**DATA SECTION**

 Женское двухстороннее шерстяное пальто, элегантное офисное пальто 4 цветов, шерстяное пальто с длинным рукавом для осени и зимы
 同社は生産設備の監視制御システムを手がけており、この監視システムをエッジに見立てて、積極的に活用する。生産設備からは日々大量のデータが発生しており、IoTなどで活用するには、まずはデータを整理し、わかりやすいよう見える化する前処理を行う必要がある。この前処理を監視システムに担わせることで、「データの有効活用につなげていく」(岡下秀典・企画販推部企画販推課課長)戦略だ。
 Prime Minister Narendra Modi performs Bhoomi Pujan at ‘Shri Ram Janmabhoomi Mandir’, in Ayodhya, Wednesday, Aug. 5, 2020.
---
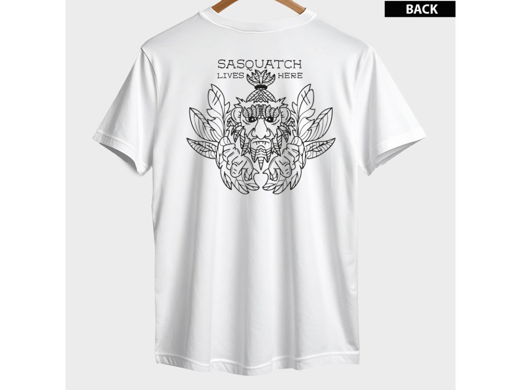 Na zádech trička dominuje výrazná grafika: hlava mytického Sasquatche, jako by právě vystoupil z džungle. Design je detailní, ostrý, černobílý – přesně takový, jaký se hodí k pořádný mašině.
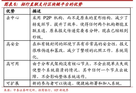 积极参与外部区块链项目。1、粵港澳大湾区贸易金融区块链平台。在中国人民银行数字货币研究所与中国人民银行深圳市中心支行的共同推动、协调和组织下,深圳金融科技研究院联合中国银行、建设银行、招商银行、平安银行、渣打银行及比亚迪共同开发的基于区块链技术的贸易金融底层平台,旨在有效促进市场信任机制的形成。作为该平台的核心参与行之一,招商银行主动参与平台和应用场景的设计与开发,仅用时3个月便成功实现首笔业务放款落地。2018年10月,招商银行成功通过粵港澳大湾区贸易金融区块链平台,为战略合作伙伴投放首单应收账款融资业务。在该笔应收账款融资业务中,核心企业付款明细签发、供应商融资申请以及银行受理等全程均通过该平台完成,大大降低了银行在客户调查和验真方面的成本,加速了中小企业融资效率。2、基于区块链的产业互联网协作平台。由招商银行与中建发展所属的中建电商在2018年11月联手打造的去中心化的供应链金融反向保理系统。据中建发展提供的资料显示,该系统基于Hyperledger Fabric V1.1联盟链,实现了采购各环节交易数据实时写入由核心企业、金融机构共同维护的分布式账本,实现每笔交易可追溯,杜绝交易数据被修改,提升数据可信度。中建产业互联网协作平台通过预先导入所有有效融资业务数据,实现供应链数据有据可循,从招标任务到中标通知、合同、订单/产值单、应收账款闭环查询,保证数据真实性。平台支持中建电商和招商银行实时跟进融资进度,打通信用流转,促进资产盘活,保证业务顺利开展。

**THE PROBLEM**
Scan the entries above for the line containing "Женское двухстороннее шерстяное", and copy it and all lines after it exactly, down to and including the line containing "Prime Minister Narendra".

**SOLUTION BELOW**
 Женское двухстороннее шерстяное пальто, элегантное офисное пальто 4 цветов, шерстяное пальто с длинным рукавом для осени и зимы
 同社は生産設備の監視制御システムを手がけており、この監視システムをエッジに見立てて、積極的に活用する。生産設備からは日々大量のデータが発生しており、IoTなどで活用するには、まずはデータを整理し、わかりやすいよう見える化する前処理を行う必要がある。この前処理を監視システムに担わせることで、「データの有効活用につなげていく」(岡下秀典・企画販推部企画販推課課長)戦略だ。
 Prime Minister Narendra Modi performs Bhoomi Pujan at ‘Shri Ram Janmabhoomi Mandir’, in Ayodhya, Wednesday, Aug. 5, 2020.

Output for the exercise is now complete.